What to do →
Write back, word for word, the lines from the one containing "200cc原礦降坡泥方器刻繪茶壺POT8598" to the end of the listing below. Include nothing else, and no pictures.

Recorded data →
*** Begin section ***

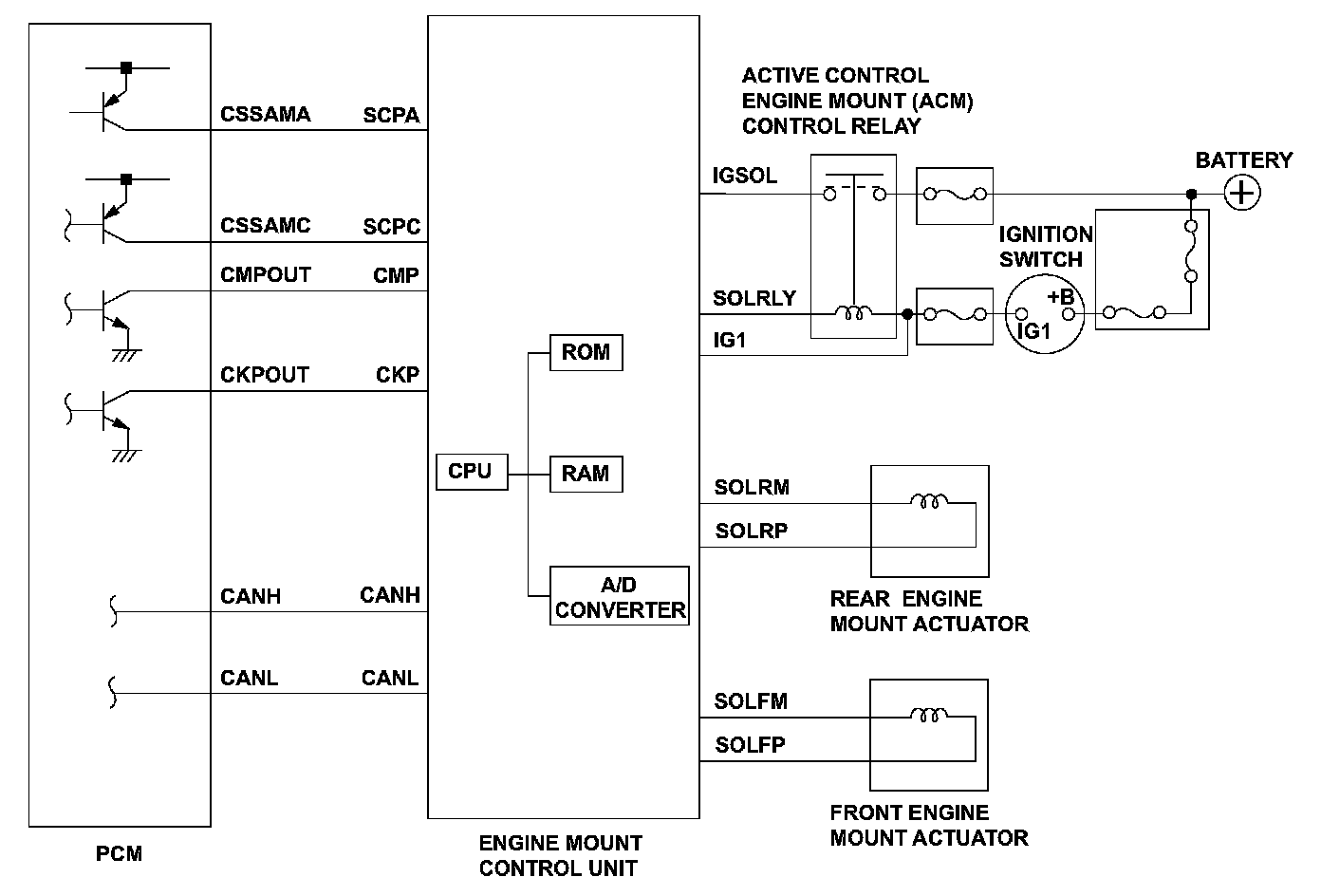 The engine mount control system controls the engine mounts electronically. The system consists of the engine mount actuators, the engine mount control unit, and the powertrain control module (PCM). The engine mount control unit uses the crankshaft and camshaft position sensor outputs (received from the PCM) to estimate engine vibration. The engine mount control unit then sends signals to the engine mount actuators to command the engine mounts to push and pull on the engine to counteract the engine vibration. The engine mount control unit monitors the SCPC signal. If the SCPC signal input value differs from the PCM output value (received by CAN communication) for a set time, the engine mount control unit detects a malfunction and stores a DTC.
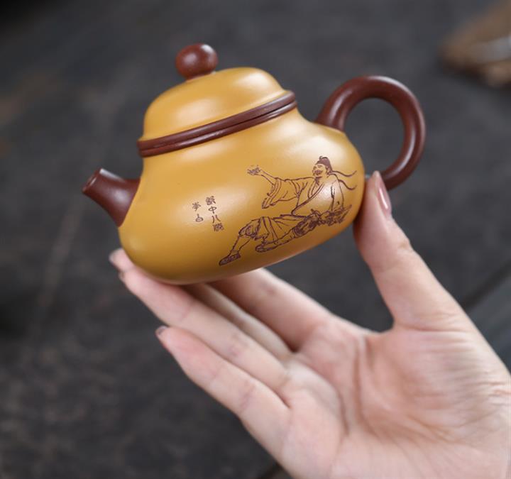 200cc原礦降坡泥方器刻繪茶壺POT8598
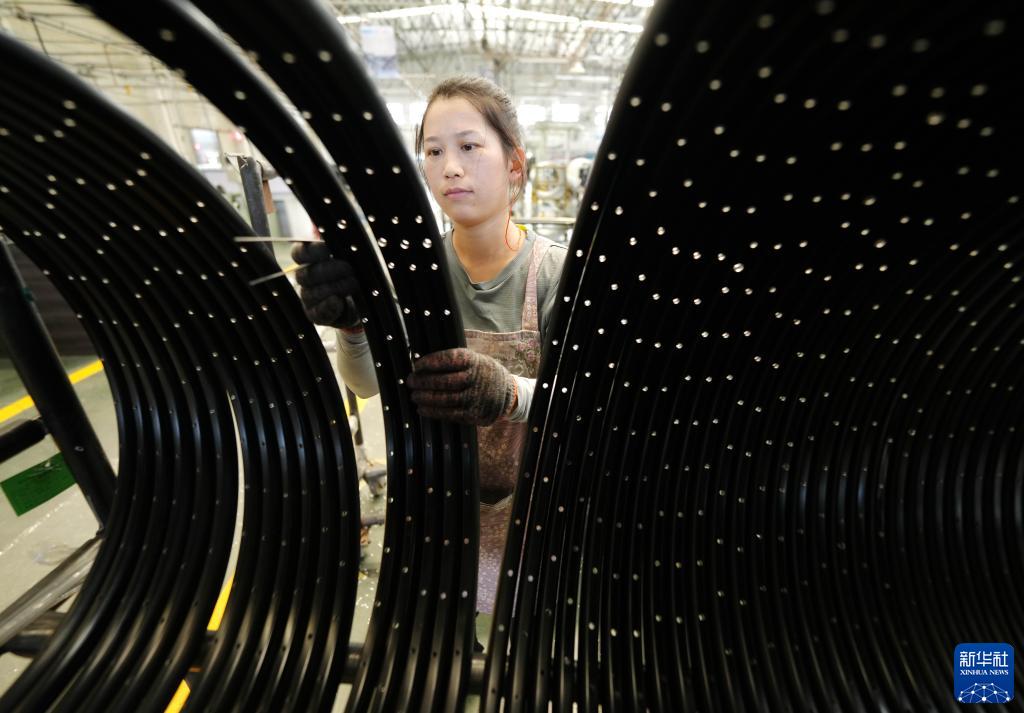 6月25日,工人在唐山市蘆臺經(jīng)濟開(kāi)發(fā)區一家自行車(chē)配件企業(yè)的生產(chǎn)車(chē)間工作。

*** End section ***

Answer →
 200cc原礦降坡泥方器刻繪茶壺POT8598
 6月25日,工人在唐山市蘆臺經(jīng)濟開(kāi)發(fā)區一家自行車(chē)配件企業(yè)的生產(chǎn)車(chē)間工作。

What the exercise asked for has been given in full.